What Is Machine Learning?
Delve into the realm of machine learning and its core applications in HR. Learn why it's important and more.
Machine learning is a type of artificial intelligence that allows computer technology to perform like humans—learning from people’s experiences to improve their accuracy over time. An IBM employee—Arthur Samuel—coined the term in 1962 and applied the technology to “teach” a computer to play chess. The computer ultimately beat him, proving the ability of technology to act like humans would.
What’s the difference between ML, NLP, and AI?
The terms machine learning (ML), natural language processing (NLP), and artificial intelligence (AI) are often misunderstood and used interchangeably. While the terms are interconnected, they are distinct thanks to a couple of core differences:
AI provides the foundation for both ML and NLP. Artificial intelligence is a computer technology that allows machines to operate in ways that would normally require human intelligence for problem-solving, decision-making, perception, and understanding language (written and spoken).
Machine learning is a subset of AI. It allows machines to learn and make predictions or decisions based on data. Machine learning learns from the data it is exposed to, improving performance over time.

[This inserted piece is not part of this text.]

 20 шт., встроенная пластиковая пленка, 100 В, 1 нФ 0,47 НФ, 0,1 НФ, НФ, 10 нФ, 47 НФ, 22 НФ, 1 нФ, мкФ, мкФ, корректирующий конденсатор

NLP is another specialized subset of AI that allows computers to read, understand, and interpret human language—paving the way for the use of chatbots and virtual assistants (like Siri and Alexa).

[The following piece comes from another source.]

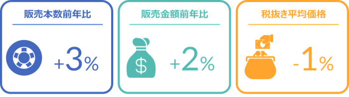 2024年4月の自動車用タイヤ販売は本数前年比3%増と微増で、店頭では同2%増、インターネットでは同5%増であった。夏タイヤは本数前年比7%増に転じ、4月に入って夏タイヤへの履き替えが一気に進んだことがうかがえる。タイヤ全体の税抜き平均価格は10,455円と前年同月から1%下落した。店頭では2%上昇したことに対し、インターネットでは6%下落した。この結果、タイヤ全体の金額前年比は2%増で推移した。店頭では4%増の伸長であった一方、インターネットでは1%減と前年をわずかに下回った。

What are the three types of machine learning?
According to MIT Management, there are three subcategories of machine learning:
The most common, supervised machine learning, trains machine learning models with labeled data sets, allowing the models to learn over time.
Unsupervised learning is where machine learning models find patterns or trends that humans did not specifically instruct them to look for.

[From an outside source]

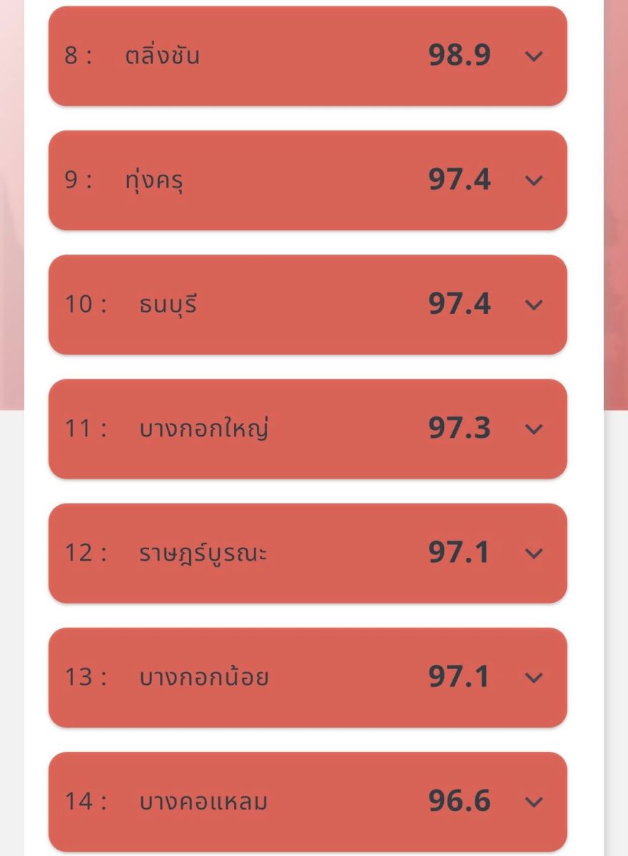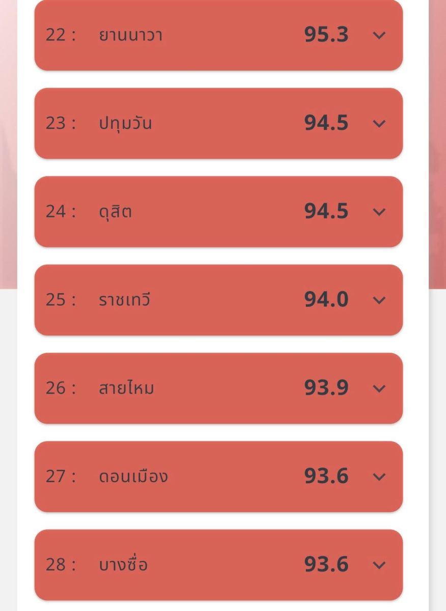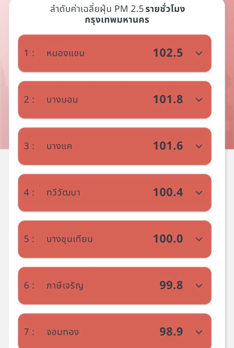 สำหรับ พื้นที่ กทม. เช้าวันนี้ พบว่าทุกเขตมีค่าฝุ่น PM2.5 เกินมาตรฐานระดับสีแดง เช่น หนองแขม บางบอน บางแค ทวีวัฒนา บางขุนเทียน ภาษีเจริญ จอมทอง ตลิ่งชัน ทุ่งครุ ธนบุรี บางกอกใหญ่ ราษฎร์บูรณะ บางกอกน้อย บางคอแหลม คลองสาน เป็นต้น

Reinforcement learning describes the process of machine learning learning over time through trial and error, essentially being “trained” to perform better over time.
How is machine learning used in HR?
Machine learning has a wide range of applications in HR and other professions alike. For instance, machine learning can be used during talent acquisition to evaluate applications and resumes and select those most likely to succeed in the open position. It can also be used in performance development to identify topics and training programs certain employees could benefit from in advancing their careers.
How does Visier use machine learning?
Visier uses a best-practice machine learning technique called random forest. It’s a technique that involves the analysis of historical employee data and events—like promotions, resignations, and internal hires—to identify patterns and construct decision trees that help clients predict future events.